→ DATA PROVIDED
--

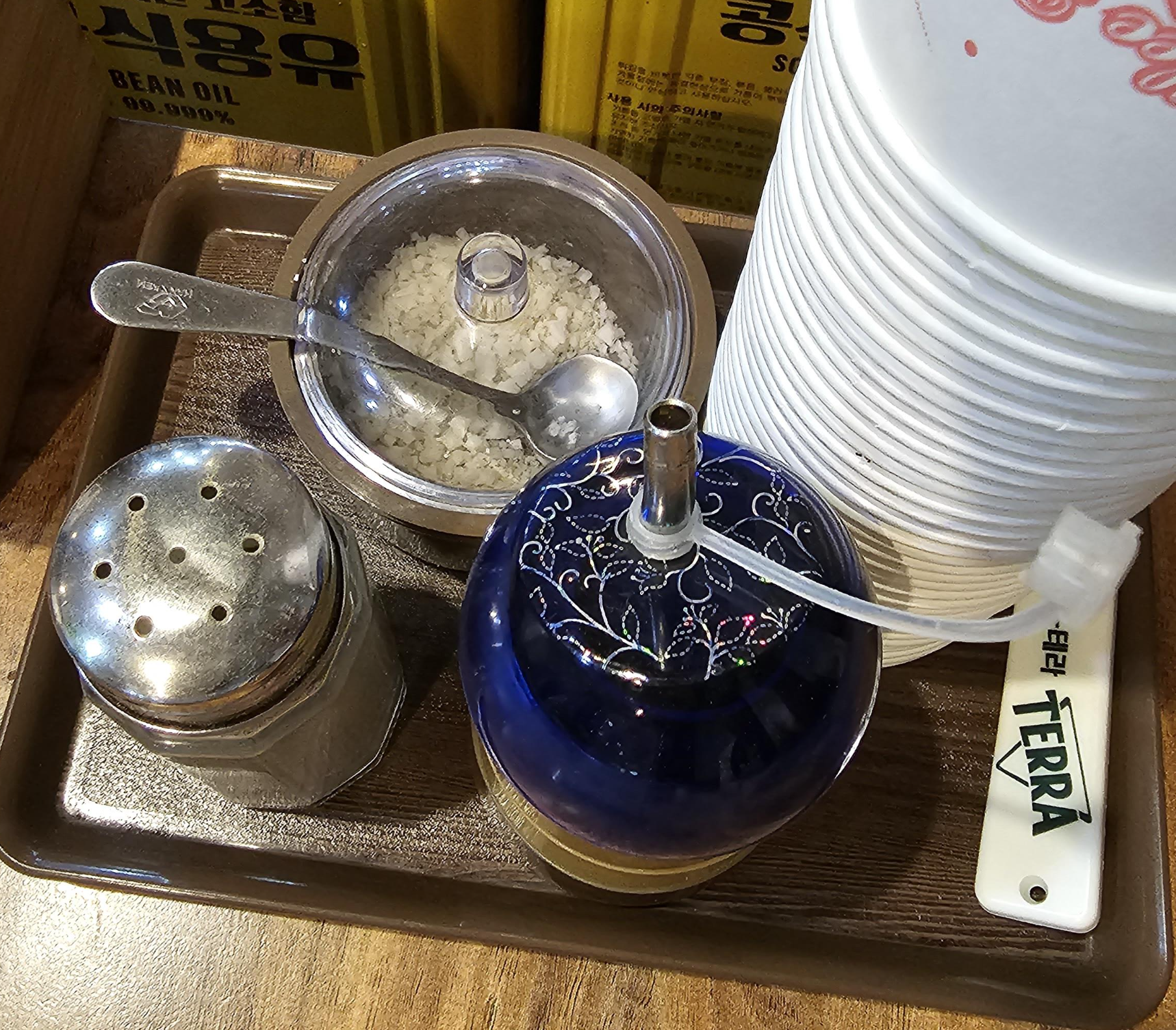 테이블에는 후추와 소금, 소스가 있습니다.
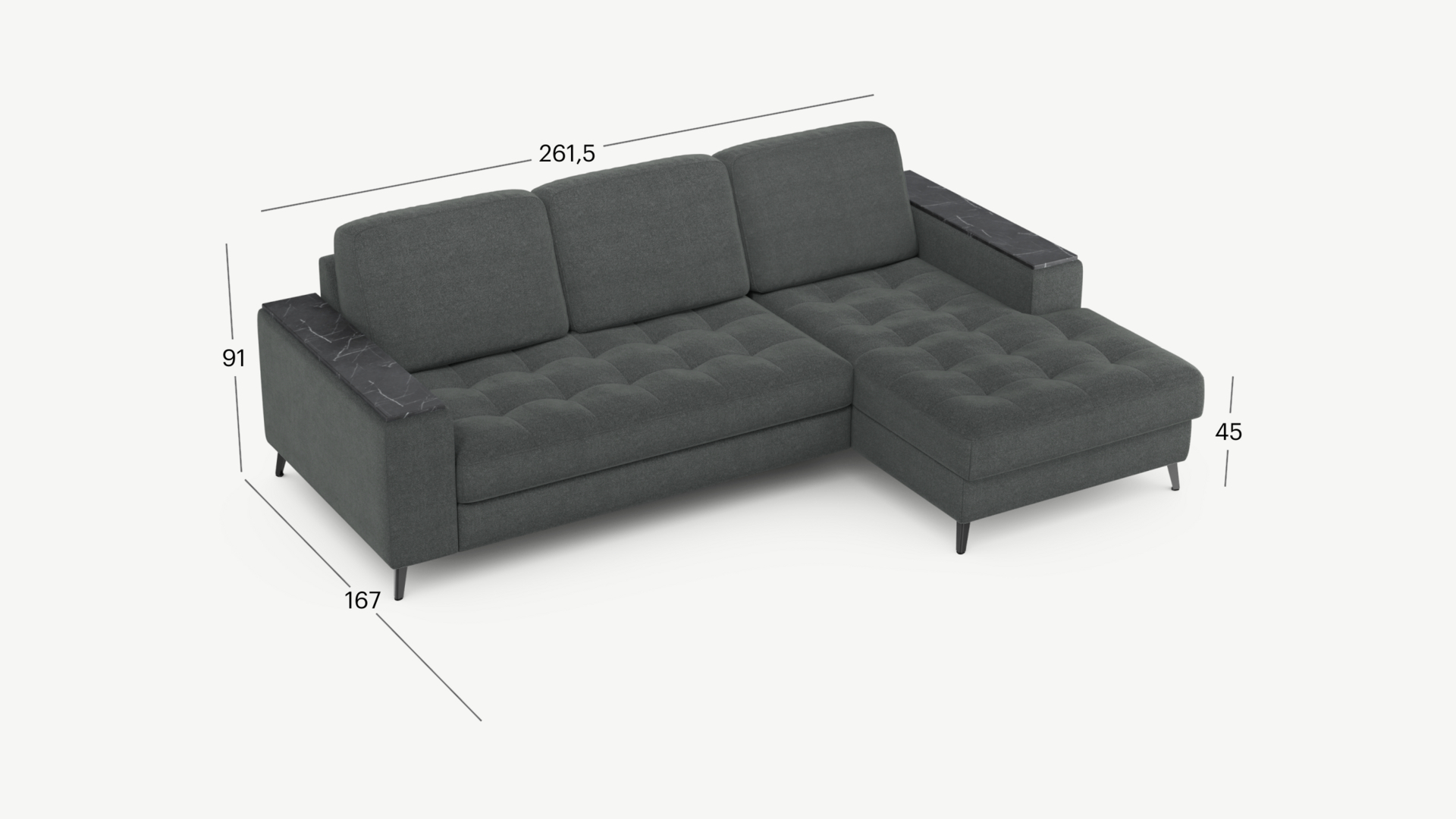 261.5x167x91 см
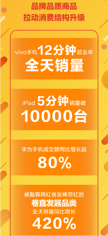 作为传统优势品类,手机在今年618年中购物节首日的表现仍旧抢眼。vivo手机12分钟超去年全天销量,最终全天的销量达到去年同期的11倍;华为手机成交额同比增长超80%,华为手机配件成交额同比增长超300%; iPad在5分钟的销量就突破万台。
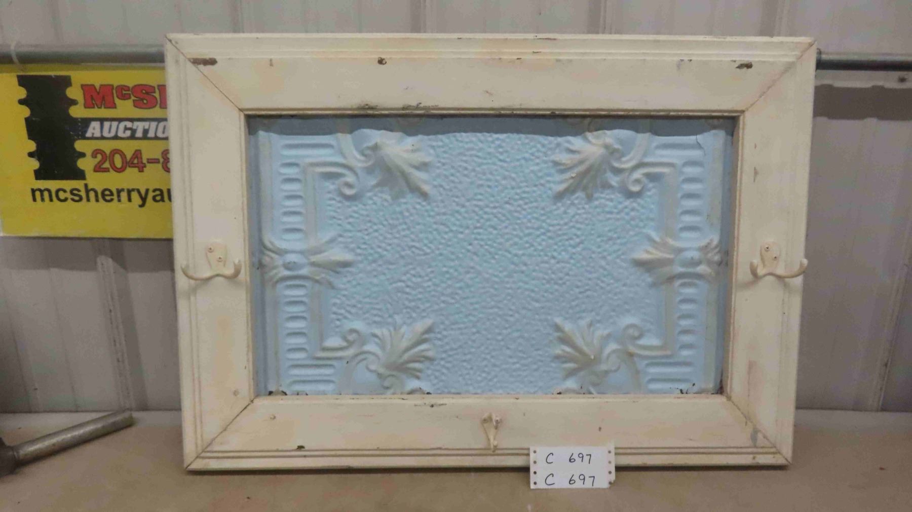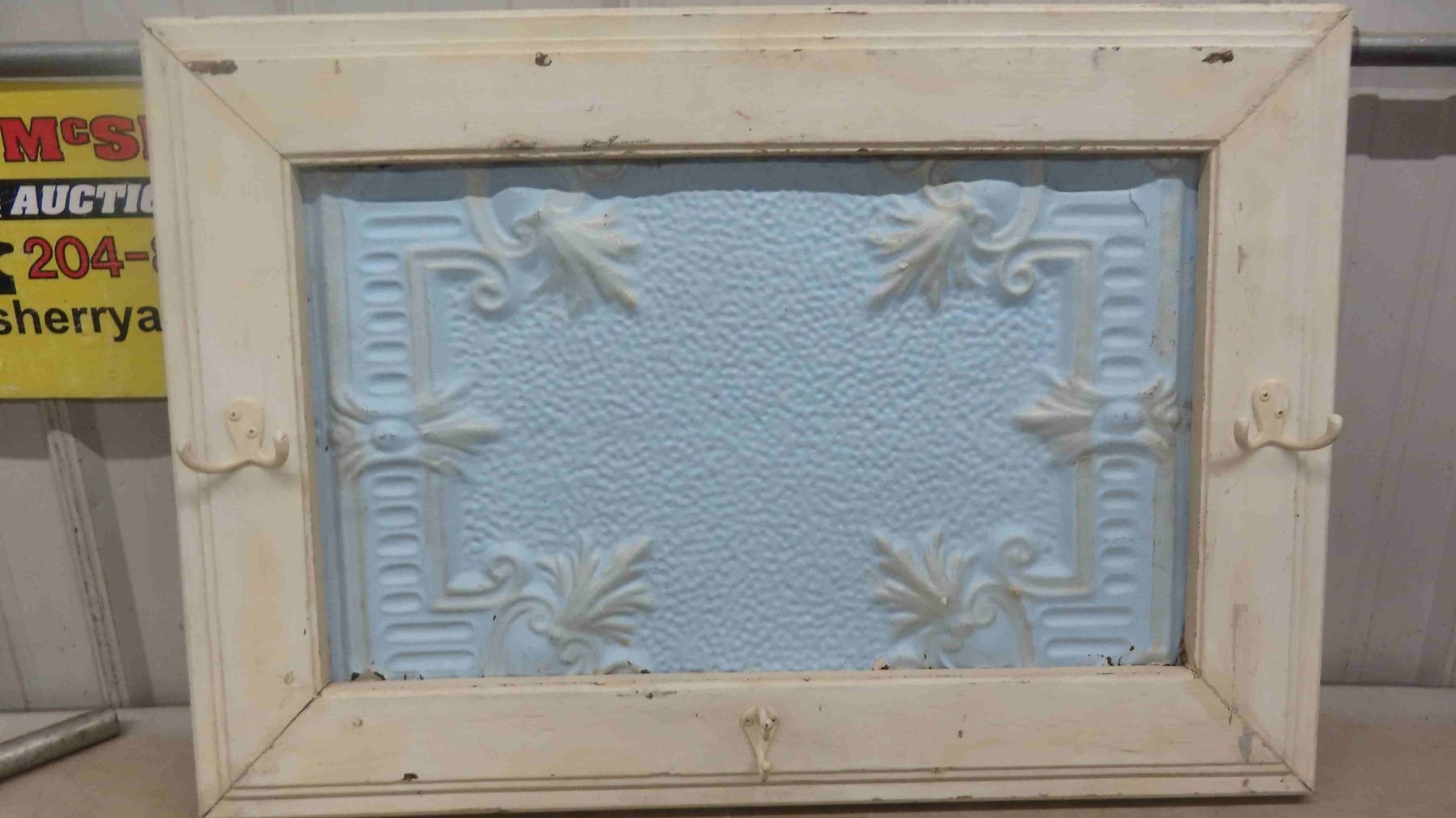 Repurposed Tin Ceiling with Wood Frame Coat Rack 31 1/2'' x 22''

--

→ WHAT THE TASK ASKS
Output the data above verbatim, pictures excluded.

→ COMPLETED EXERCISE
 테이블에는 후추와 소금, 소스가 있습니다.
 261.5x167x91 см
 作为传统优势品类,手机在今年618年中购物节首日的表现仍旧抢眼。vivo手机12分钟超去年全天销量,最终全天的销量达到去年同期的11倍;华为手机成交额同比增长超80%,华为手机配件成交额同比增长超300%; iPad在5分钟的销量就突破万台。
 Repurposed Tin Ceiling with Wood Frame Coat Rack 31 1/2'' x 22''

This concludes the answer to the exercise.